*Provided information*
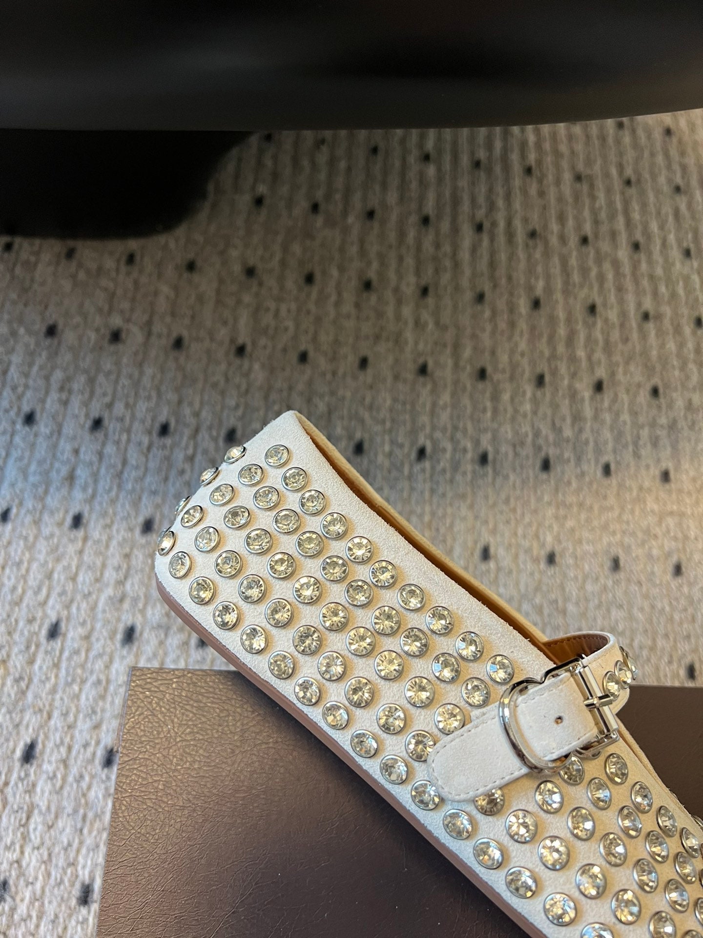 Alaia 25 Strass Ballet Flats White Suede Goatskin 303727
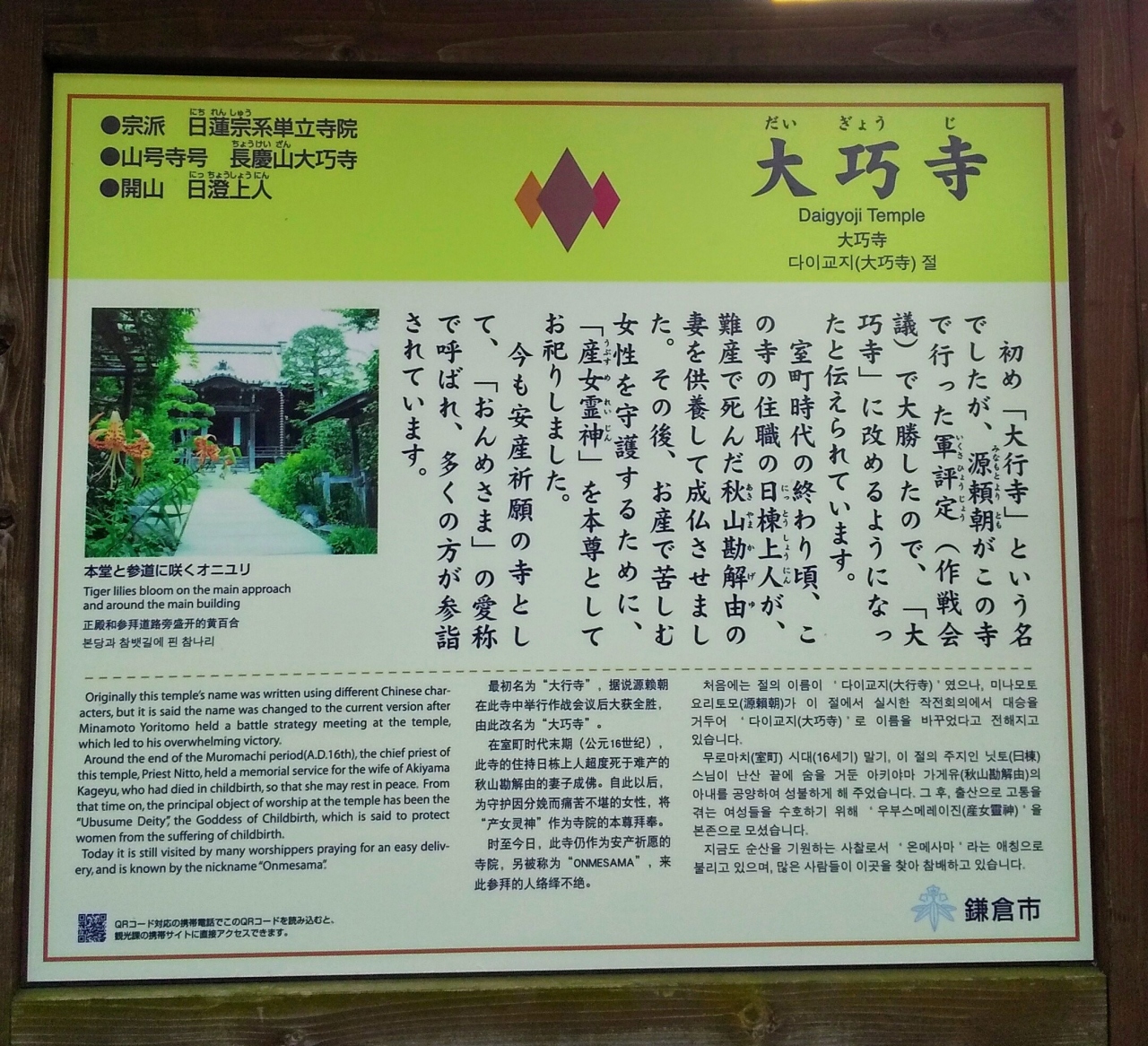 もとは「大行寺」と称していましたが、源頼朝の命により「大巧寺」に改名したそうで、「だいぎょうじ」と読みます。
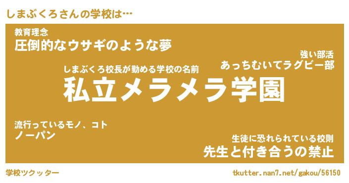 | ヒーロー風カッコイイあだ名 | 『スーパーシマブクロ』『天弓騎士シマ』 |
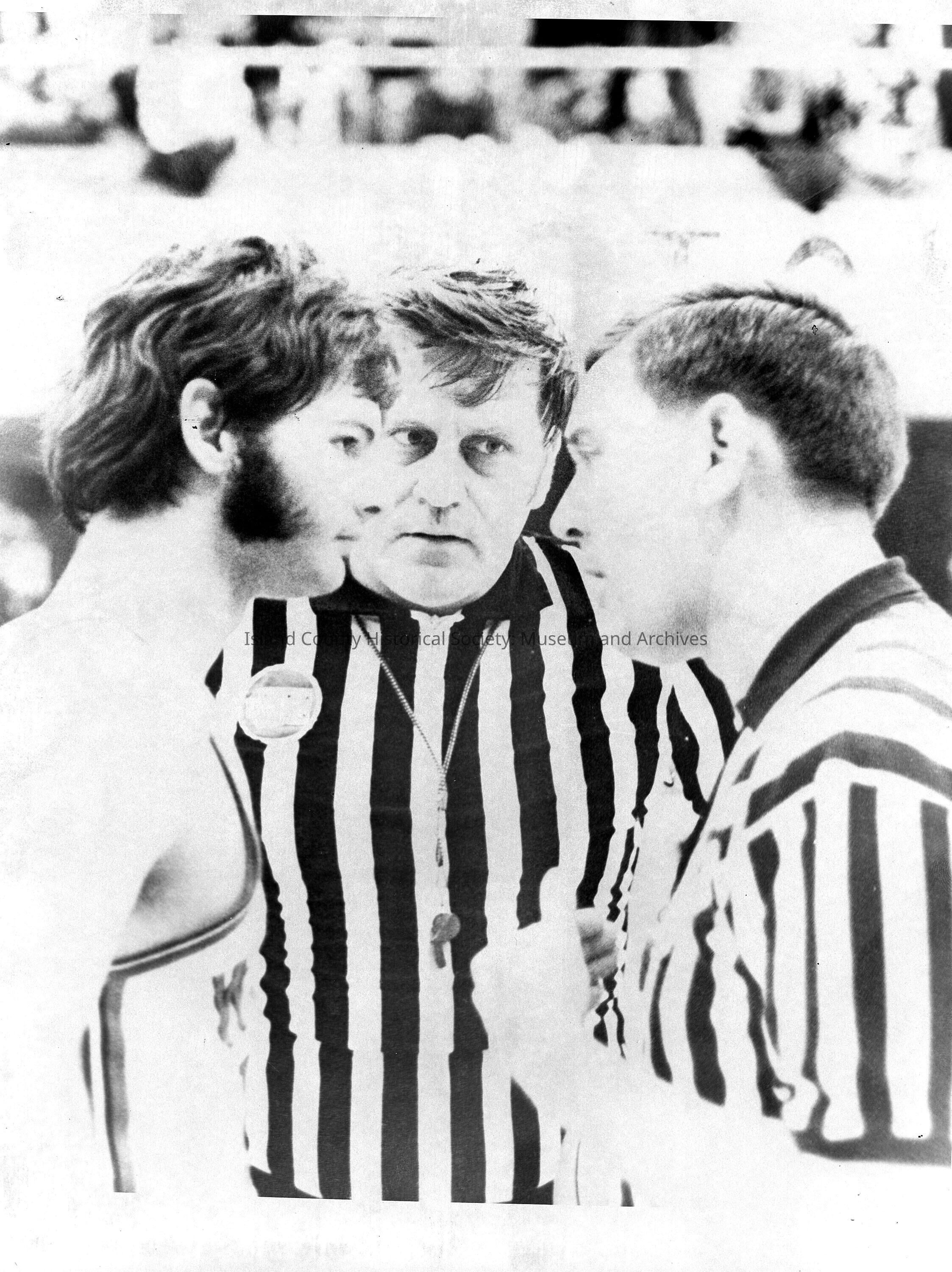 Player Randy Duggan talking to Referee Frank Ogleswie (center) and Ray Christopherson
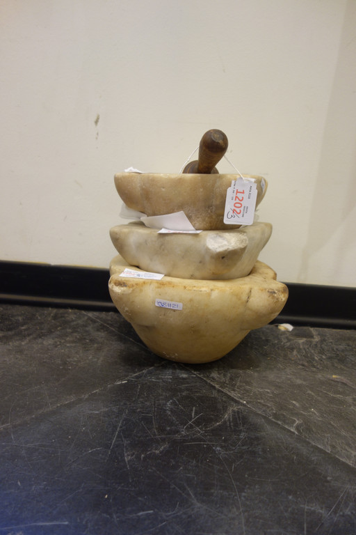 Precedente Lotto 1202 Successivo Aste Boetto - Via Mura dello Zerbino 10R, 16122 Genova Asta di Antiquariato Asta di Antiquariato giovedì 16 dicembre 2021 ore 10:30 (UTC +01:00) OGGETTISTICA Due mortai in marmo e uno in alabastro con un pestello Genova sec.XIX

...

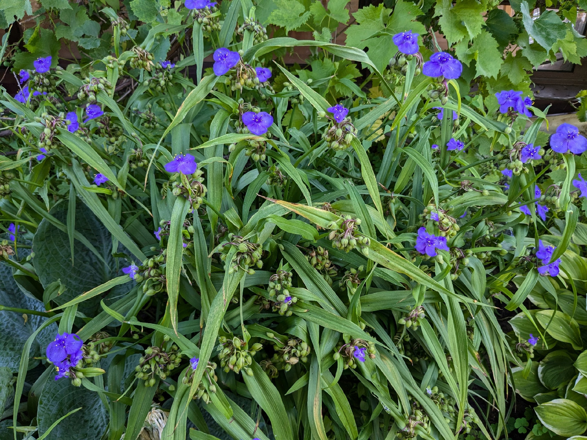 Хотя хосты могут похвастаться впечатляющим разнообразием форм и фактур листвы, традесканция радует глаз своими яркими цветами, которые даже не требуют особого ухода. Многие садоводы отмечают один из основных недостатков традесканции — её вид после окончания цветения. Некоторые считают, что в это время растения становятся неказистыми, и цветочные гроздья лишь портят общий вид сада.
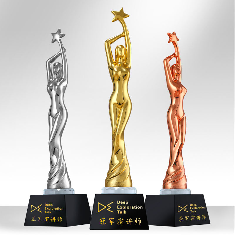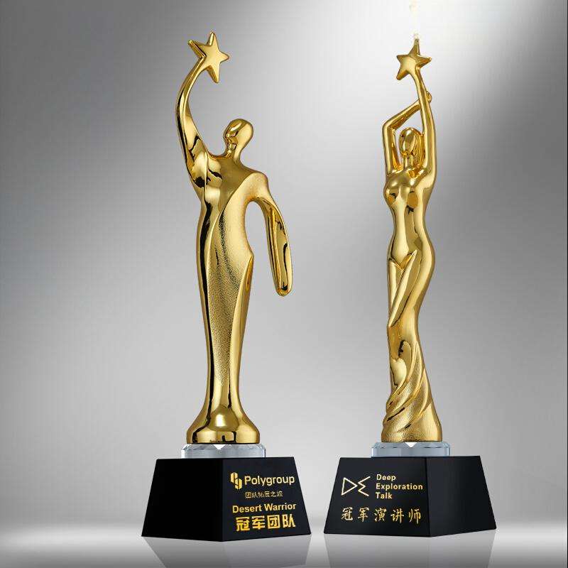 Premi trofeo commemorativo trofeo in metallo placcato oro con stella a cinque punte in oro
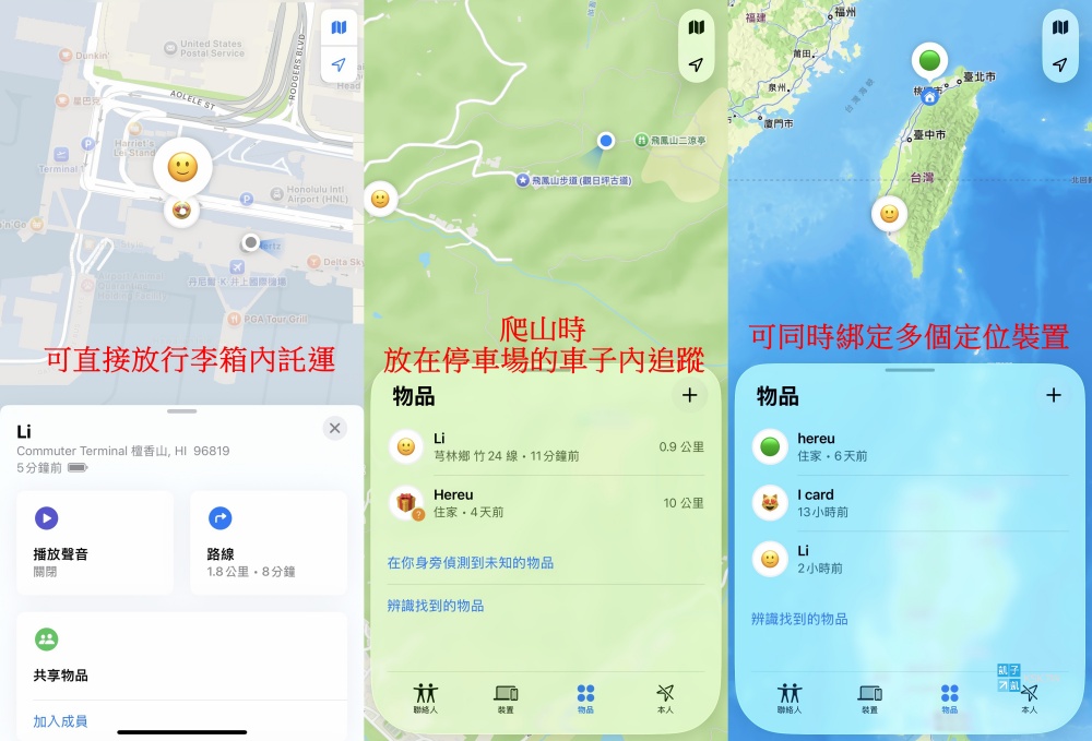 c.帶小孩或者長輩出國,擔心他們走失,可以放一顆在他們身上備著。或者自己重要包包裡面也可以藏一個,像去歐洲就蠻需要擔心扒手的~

*Activity*
Transcribe only the lines above that start at the line containing "Alaia 25 Strass" and end at the line containing "Precedente Lotto 1202". Omit pictures.

*Answer for this exercise*
 Alaia 25 Strass Ballet Flats White Suede Goatskin 303727
 もとは「大行寺」と称していましたが、源頼朝の命により「大巧寺」に改名したそうで、「だいぎょうじ」と読みます。
 | ヒーロー風カッコイイあだ名 | 『スーパーシマブクロ』『天弓騎士シマ』 |
 Player Randy Duggan talking to Referee Frank Ogleswie (center) and Ray Christopherson
 Precedente Lotto 1202 Successivo Aste Boetto - Via Mura dello Zerbino 10R, 16122 Genova Asta di Antiquariato Asta di Antiquariato giovedì 16 dicembre 2021 ore 10:30 (UTC +01:00) OGGETTISTICA Due mortai in marmo e uno in alabastro con un pestello Genova sec.XIX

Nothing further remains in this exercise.